Volume Information to be Changed | Pre-Data Synchronization | Post-Data Synchronization |
---|---|---|
UID | UID unique to volume on Secondary Storage. | UID of volume on Primary Storage of a pair. |
Product ID | Product ID unique to Secondary Storage. | Product ID of Primary Storage of a pair. |
Note
Even if a volume on the Secondary Storage is removed from the synchronized volume by the operation of deleting the TFO group after data has been synchronized, post-data synchronization volume information is inherited. For this reason, when continuing to use the volume on the Secondary Storage, use the ETERNUS CLI to return the volume information to pre-data synchronization status.
Refer to the ETERNUS Disk storage system manuals for the command name and the format of ETERNUS CLI used.
TFOV data is transferred in synchronization mode using the REC path.
An ETERNUS Disk storage system manages copy sessions used in the Storage Cluster function and Advanced Copy sessions separately. Since the ETERNUS Disk storage system automatically controls copy sessions used in the Storage Cluster function, it is not required to configure copy sessions and copy groups in this product.
Point
When an REC route temporary fault (communication break) occurs, a differential copy is executed after the REC route recovers, and the data is automatically recovered in the equivalent state. As failover does not occur during the period until the REC route is recovered, we recommend a redundant REC route configuration.
This mode is related to the failover method from the Primary Storage to the Secondary Storage. Either of the following can be selected:
Mode | Explanation |
---|---|
Auto | This is the failover mode that runs automatically when a failure of the Primary Storage is detected. |
Manual | This is the failover mode that runs manually. |
Note
Set this mode to "Manual" when the REC path interface type is "iSCSI".
This mode is related to the failback method from the Secondary Storage to the Primary Storage. Either of the following can be specified:
Mode | Explanation |
---|---|
Auto | This is the failover mode that runs automatically when a failure recovery of the Primary storage is detected. |
Manual | This is the failback mode that runs manually. |
Split Mode specifies for volumes in Primary Storage whose REC Path is disconnected whether to give priority to business continuity and continue Write or to assure the equivalent state of data on Primary Storage and Secondary Storage.
Either of the following is specified:
"Read/Write"(default)
Give priority to business continuity and continue writing data to volumes in Primary Storage.
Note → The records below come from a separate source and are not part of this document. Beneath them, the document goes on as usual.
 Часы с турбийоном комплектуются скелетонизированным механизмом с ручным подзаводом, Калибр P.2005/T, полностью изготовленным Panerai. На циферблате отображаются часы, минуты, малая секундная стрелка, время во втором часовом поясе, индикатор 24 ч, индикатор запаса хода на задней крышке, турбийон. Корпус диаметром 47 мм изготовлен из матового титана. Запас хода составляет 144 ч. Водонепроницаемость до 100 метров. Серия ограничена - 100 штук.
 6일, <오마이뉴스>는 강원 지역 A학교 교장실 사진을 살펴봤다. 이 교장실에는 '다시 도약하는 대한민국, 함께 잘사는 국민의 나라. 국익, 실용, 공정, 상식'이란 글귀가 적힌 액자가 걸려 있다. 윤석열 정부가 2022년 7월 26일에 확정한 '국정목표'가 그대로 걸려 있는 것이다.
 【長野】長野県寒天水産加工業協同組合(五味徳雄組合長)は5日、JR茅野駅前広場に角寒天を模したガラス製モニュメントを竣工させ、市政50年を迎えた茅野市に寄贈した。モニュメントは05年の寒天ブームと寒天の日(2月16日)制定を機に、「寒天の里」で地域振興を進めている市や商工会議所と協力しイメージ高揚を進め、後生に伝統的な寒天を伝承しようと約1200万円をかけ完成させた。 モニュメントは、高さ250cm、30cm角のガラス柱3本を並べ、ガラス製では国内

In this case, data is written only on the volumes in Primary Storage, causing the data to be nonequivalent to data in Secondary Storage.
"Read"
Give priority to maintenance of data equivalent state and inhibit writing data to the volumes in Primary Storage.
TFO Group is a motion unit of failover on one device and a group for which the connection configuration, policy, status and maintenance required to perform failover is consolidated. TFO Group includes one or more CA ports and volumes allowed to access those CA ports. The example of TFO Group is shown in "Figure 9.2 Example of TFO Group".
Figure 9.2 Example of TFO Group
TFO Group has the following status. The TFO status changes with execution of failover or failback:
Point
The input conditions for the TFO Group name are as follows:
The 1-16 characters which are half-size alphanumeric characters "A-Z, a-z, 0-9" and special characters. However, ", ? " ' \ * %" cannot be used.
TFO Status | Meaning |
---|---|
Active | Indicates an active side. Accessible from Management Server. |
Standby | Indicates a standby side. Inaccessible from Management Server. |
Also, if default TFO status is Active in creating an environment, the TFO Group is called "Primary TFO Group" and if Standby, "Secondary TFO Group".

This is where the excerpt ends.